***** Dataset excerpt

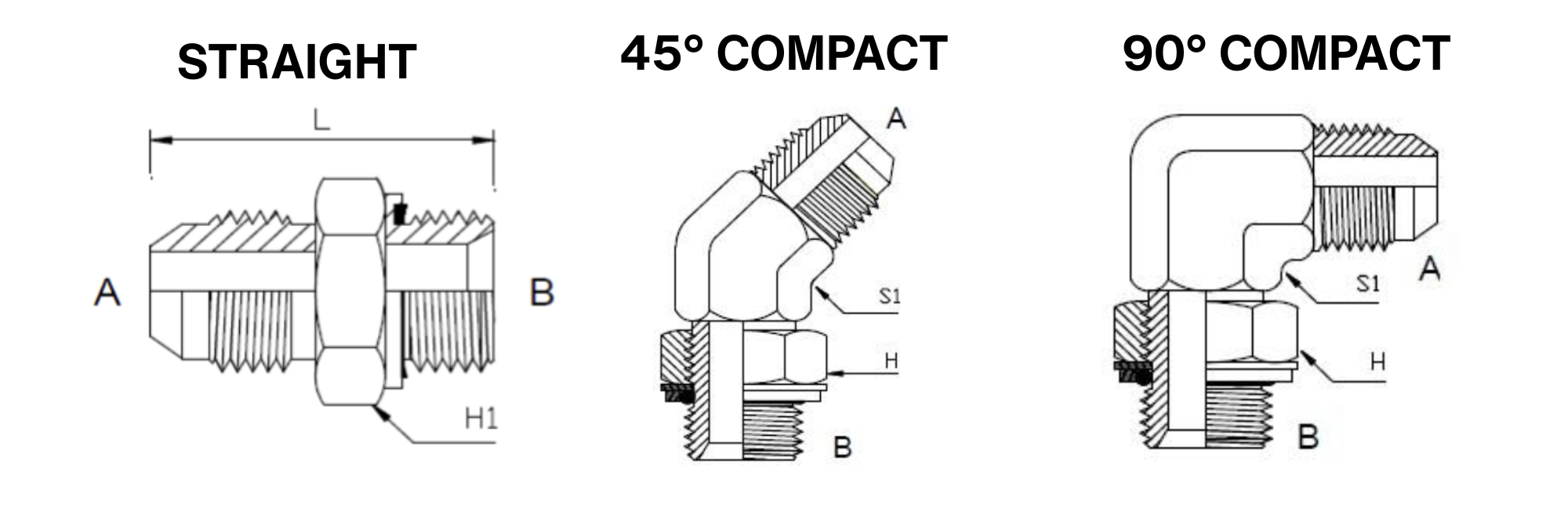 • BPM-JIM-90C-0812 – Adaptor - (08) 1/2" BSP Parallel Male x (12) 3/4" JIC Male - 90° Compact – Qty 6
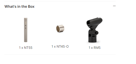 NT55 是一款多功能小振膜電容麥克風,專為關鍵錄音應用而設計。 它配備 1/2 英吋的鍍金心形電容音頭,可提供平滑、平衡的聲音和極低的本底噪音。 為增加靈活性,它配有一個三位衰減器(0、 -10dB、-20dB)和三級高通濾波器(平坦、75Hz、150Hz),並配有 NT45-O可互換全向音頭。 NT55 具有非常準確的心形拾音模式和寬頻響應能力,因此非常適合錄製從原聲樂器到鼓頂部和鈸,再到現場表演和現場對話的所有內容。 這款產品也可作為經過認證的配對麥克風用於立體聲錄音。
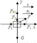 物体共受到四个力的作用:重力G,拉力F,支持力FN1,滑动摩擦力F3,建立图示坐标系,由牛顿第二定律F合=ma

**********

Task requirements
The expected output is the exact run of lines from the one containing "NT55 是一款多功能小振膜電容麥克風,專為關鍵錄音應用而設計。 它配備" through the final line of the data above, both ends included, with no pictures.

Written answer
 NT55 是一款多功能小振膜電容麥克風,專為關鍵錄音應用而設計。 它配備 1/2 英吋的鍍金心形電容音頭,可提供平滑、平衡的聲音和極低的本底噪音。 為增加靈活性,它配有一個三位衰減器(0、 -10dB、-20dB)和三級高通濾波器(平坦、75Hz、150Hz),並配有 NT45-O可互換全向音頭。 NT55 具有非常準確的心形拾音模式和寬頻響應能力,因此非常適合錄製從原聲樂器到鼓頂部和鈸,再到現場表演和現場對話的所有內容。 這款產品也可作為經過認證的配對麥克風用於立體聲錄音。
 物体共受到四个力的作用:重力G,拉力F,支持力FN1,滑动摩擦力F3,建立图示坐标系,由牛顿第二定律F合=ma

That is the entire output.